WORK REQUEST
Restate exactly the lines of the entries below, beginning with the first and ending with the line that holds "Önü Fermuarlı Kapüşonlu". Pictures are not copied.

[Items listed in a dataset]
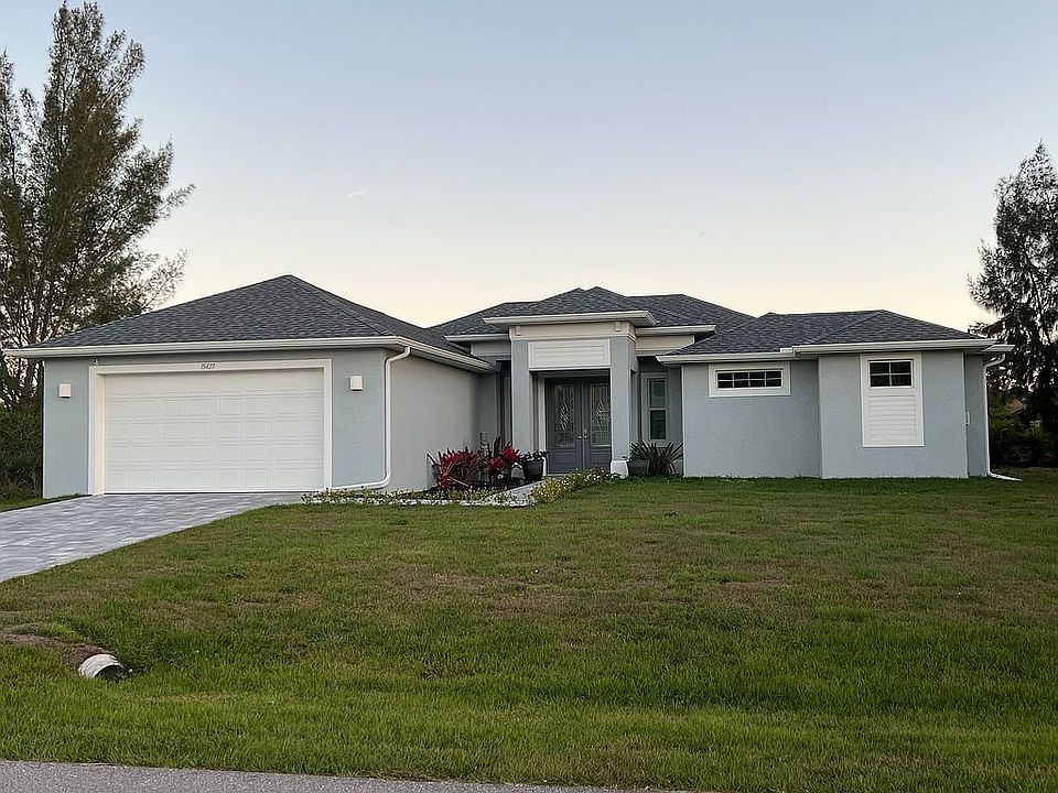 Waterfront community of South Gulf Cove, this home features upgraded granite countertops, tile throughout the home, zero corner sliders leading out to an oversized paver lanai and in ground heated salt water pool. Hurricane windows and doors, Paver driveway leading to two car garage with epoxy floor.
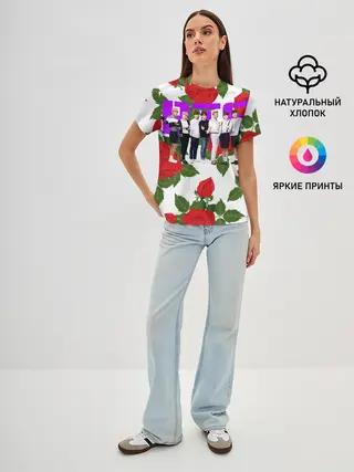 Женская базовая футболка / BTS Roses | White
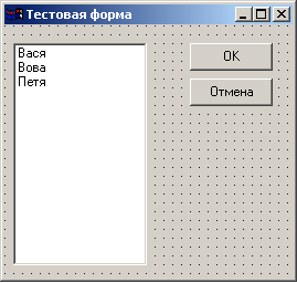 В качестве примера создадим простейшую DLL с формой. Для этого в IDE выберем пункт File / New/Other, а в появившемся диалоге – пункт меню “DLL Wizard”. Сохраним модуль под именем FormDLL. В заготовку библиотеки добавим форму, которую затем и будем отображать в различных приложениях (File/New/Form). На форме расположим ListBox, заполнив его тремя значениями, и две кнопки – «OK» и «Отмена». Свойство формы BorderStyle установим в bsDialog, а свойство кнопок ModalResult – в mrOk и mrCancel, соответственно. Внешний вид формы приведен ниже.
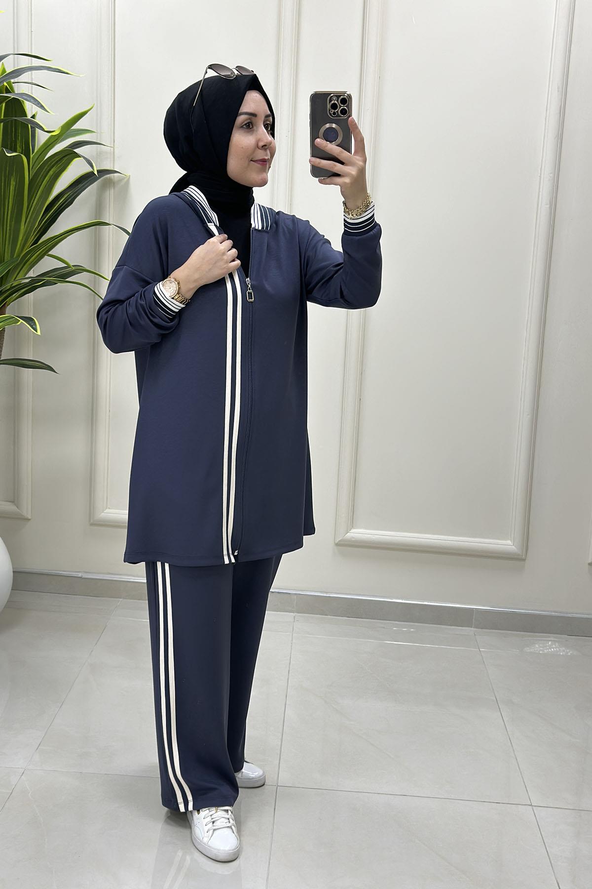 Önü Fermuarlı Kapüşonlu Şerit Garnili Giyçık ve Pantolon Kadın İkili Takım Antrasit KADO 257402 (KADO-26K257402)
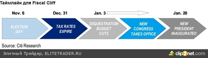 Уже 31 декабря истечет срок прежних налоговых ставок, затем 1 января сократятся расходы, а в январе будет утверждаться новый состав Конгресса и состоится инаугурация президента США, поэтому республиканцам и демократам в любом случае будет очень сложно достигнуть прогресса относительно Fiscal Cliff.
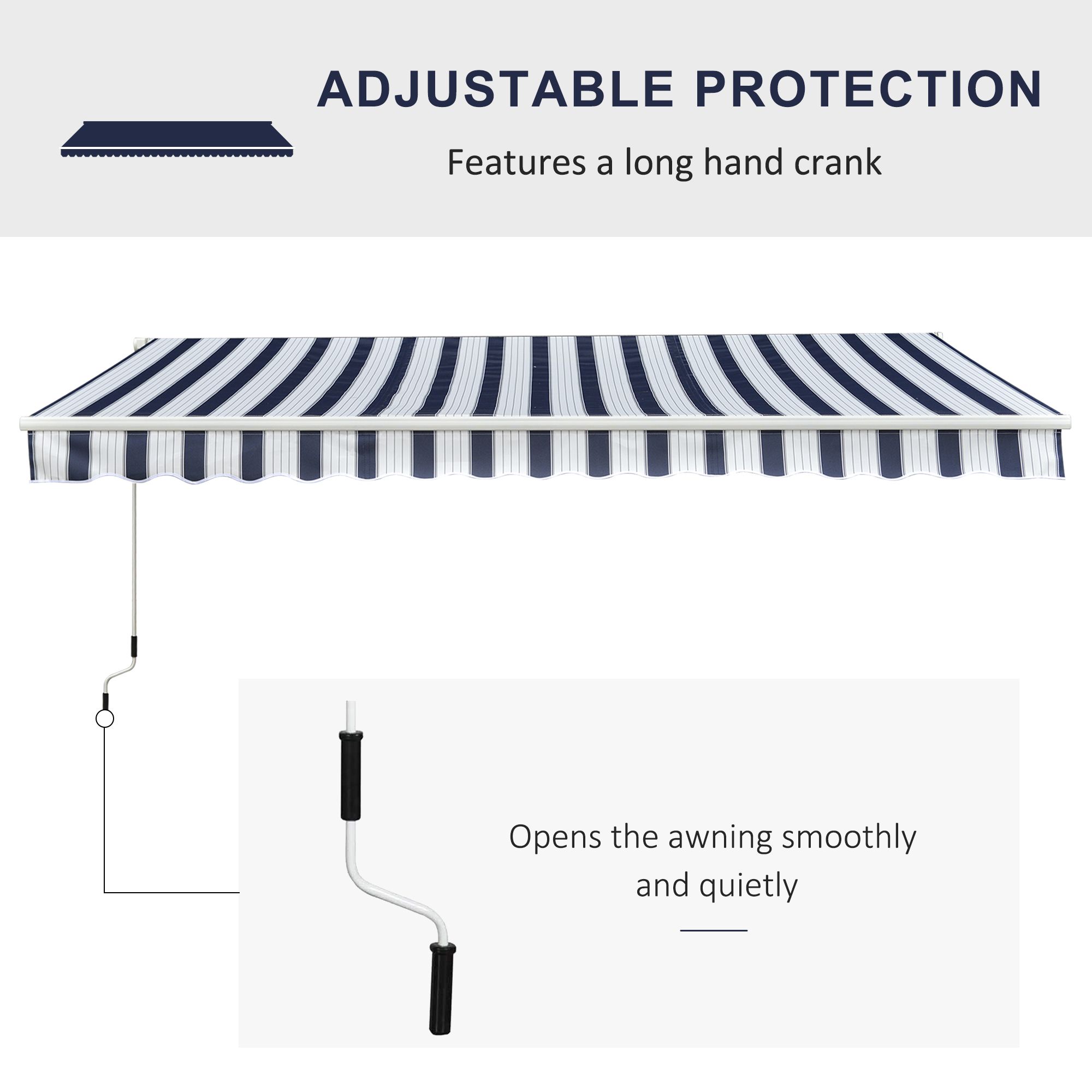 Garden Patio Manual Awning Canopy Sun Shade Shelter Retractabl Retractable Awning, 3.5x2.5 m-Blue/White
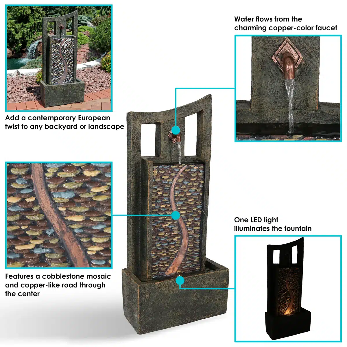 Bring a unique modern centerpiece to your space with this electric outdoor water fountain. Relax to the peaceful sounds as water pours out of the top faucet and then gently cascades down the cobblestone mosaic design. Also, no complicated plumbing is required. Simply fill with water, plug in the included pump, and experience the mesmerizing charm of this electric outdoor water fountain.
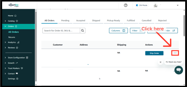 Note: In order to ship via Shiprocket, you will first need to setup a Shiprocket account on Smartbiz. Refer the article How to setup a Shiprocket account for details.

RESPONSE BELOW
 Waterfront community of South Gulf Cove, this home features upgraded granite countertops, tile throughout the home, zero corner sliders leading out to an oversized paver lanai and in ground heated salt water pool. Hurricane windows and doors, Paver driveway leading to two car garage with epoxy floor.
 Женская базовая футболка / BTS Roses | White
 В качестве примера создадим простейшую DLL с формой. Для этого в IDE выберем пункт File / New/Other, а в появившемся диалоге – пункт меню “DLL Wizard”. Сохраним модуль под именем FormDLL. В заготовку библиотеки добавим форму, которую затем и будем отображать в различных приложениях (File/New/Form). На форме расположим ListBox, заполнив его тремя значениями, и две кнопки – «OK» и «Отмена». Свойство формы BorderStyle установим в bsDialog, а свойство кнопок ModalResult – в mrOk и mrCancel, соответственно. Внешний вид формы приведен ниже.
 Önü Fermuarlı Kapüşonlu Şerit Garnili Giyçık ve Pantolon Kadın İkili Takım Antrasit KADO 257402 (KADO-26K257402)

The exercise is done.